1965

Protein Crystallography

John Desmond Bernal (1901–1971), Dorothy Crowfoot Hodgkin (1910–1994), David Chilton Phillips (1924–1999)

The enzyme lysozyme—which takes its name from the Greek word lysis, meaning “loosening”—had been known about for some time when British biophysicist David Chilton Phillips tried to solve its structure by X-ray crystallography. Alexander Fleming (of penicillin fame) named it in 1923, and it was known as the reason egg whites and tears showed antibacterial properties. That’s the role it has in humans as well. As part of the innate immune system, it attacks compounds called peptidoglycans, which are found in the cell walls of bacteria. It’s also found in saliva where it degrades starch, which is why a piece of popcorn disappears so rapidly when it touches your tongue.

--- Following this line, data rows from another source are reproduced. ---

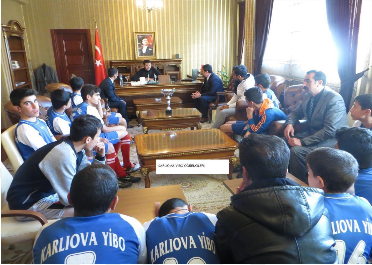
KARLIOVA YİBO ÖĞRENCİLERİ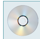
Logiciel ACD See S-SW48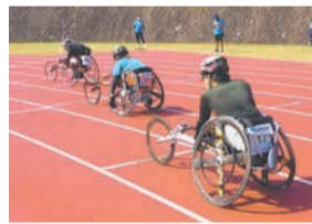
詳しくは大会ホームページでご確認ください(募集要項の配布はありません)。

障がいのある人が大会にチャレンジしやすいよう、競技用車いすの貸し出しや練習会、写真などをを行います。また、伴走者の紹介や伴走者向け研修会も実施します。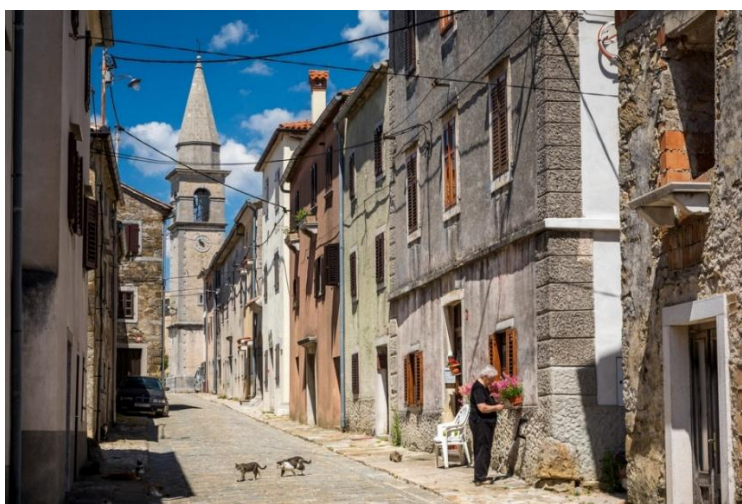
Slika 16. Draguč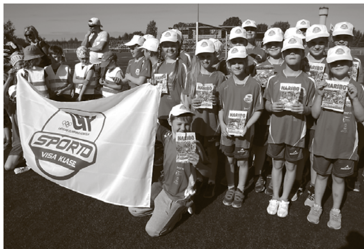
„Sporto visa klase” 3. vietas ieguvēji – Ķekavas vidusskolas 3.b klase

Tajā pašā laikā Māmiņu telti notika īpaša vingrošana gan jaunajām, gan topošajām māmiņām treneres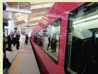
同一乗り換えホームからの特急「いなほ」の出発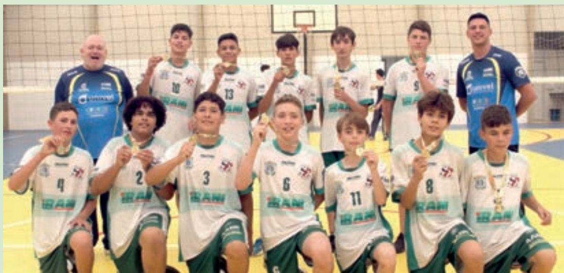
Colégio São Cristóvão foi campeão no vôlei

Novembro venceu no handebol masculino, o C.E. São Cristóvão foi o campeão no vôlei masculino para alunos com até 14 anos, e o C.E. Wilson Jofre foi o campeão no vôlei feminino para alunas até 17 anos.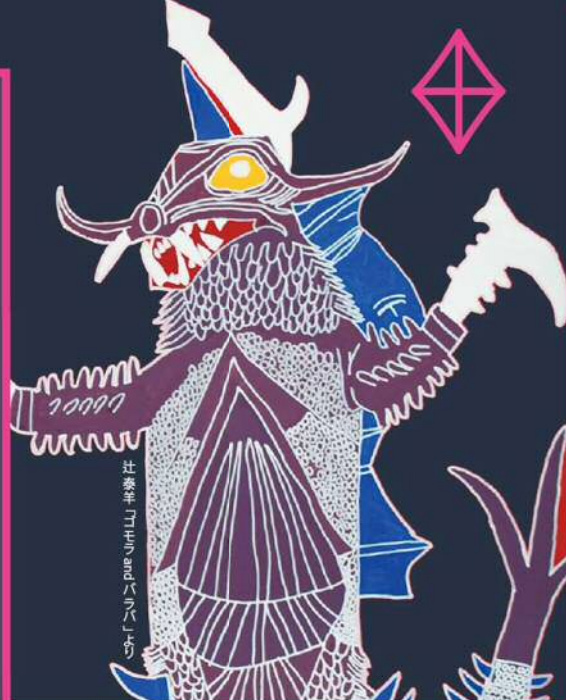
社団法人アール・ブリュット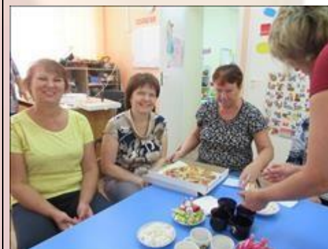
Кофе-пауза во время обучающего семинара-тренинга "В детский сад пришел приемный ребенок" Фотография сделана во время кофе-паузы.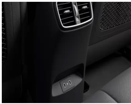
Porturi de încărcare USB tip C în față/ spate.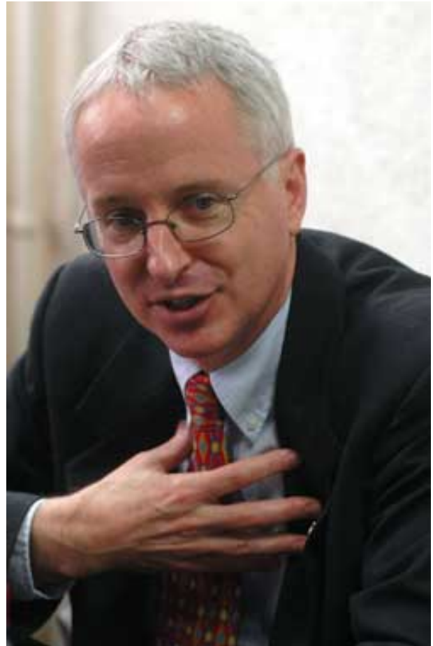
Амбасадор САД Камерон Мантер

САД, Русија и Европска унија - треба да саопшти генералном секретару УН Бан Ки Муну да ли је постигнут неки напредак. Стога се поставља питање шта ће се догодити после 10. децембра?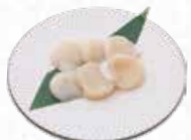
Scallop 帆立貝 $18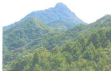
じょうこ岩から望む志々伎山西側尾根

平戸南部の福良漁港公園駐車場に集合。ここから車で上部の志々伎山登山口西側駐車場に移動。ここからトレッキング開始。じょうこ岩まで尾根を木々をかき分けながら進みます。景観や植物を楽しみながらじょうこ岩へ。昼食後、少し下って眺望の良い岩場まで。ここから横に進んで福良まで戻ります。カシワの林がある変化に富んだコースです。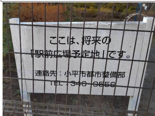
＜写真①＞駅前広場予定地に設置されている看板

※駅前広場整備の際に、サクラが工事範囲にかかることとなるため、根の一部を切る必要があります。根の切断は直上の枝にも影響することから裂傷枝と合わせて1月中旬に剪定を行いました。

Applying X-ray crystallography to proteins was a big step, since they were much larger and more complex than the usual molecules examined by this technique. British X-ray crystallographers John Desmond Bernal and Dorothy Crowfoot Hodgkin showed that protein diffraction was possible in 1934, but the first structure solved was myoglobin in 1958 by Phillips. His next target was an enzyme. It was thought that a three-dimensional structure might provide insights into how enzymes were able to speed up chemical reactions so dramatically.

Lysozyme had many things in its favor as a target—it’s easily available, and it crystallizes well, which is a step that even today can be something of a black art in protein work. Solving the diffraction pattern was a huge effort with the computational resources available, but lysozyme’s structure was determined, as were somewhat fuzzier structures of lysozyme with inhibitor molecules inside its active site. Crystallizing proteins in this way now provides countless insights into biochemistry and drug discovery (since most pharmaceuticals work by binding to specific protein sites). There are pitfalls, naturally. A crystal structure is a static shot of a mobile protein, a picture that may or may not reflect what goes on out in the real world where proteins can move and shift. But there’s always NMR to fall back on, which can sometimes be used to solve protein structures in solution.

Lysozyme crystals as seen through a polarized-light microscope. These well-formed blocklike crystals are ideal for X-ray crystallographic studies, but few proteins form them as well as lysozyme does.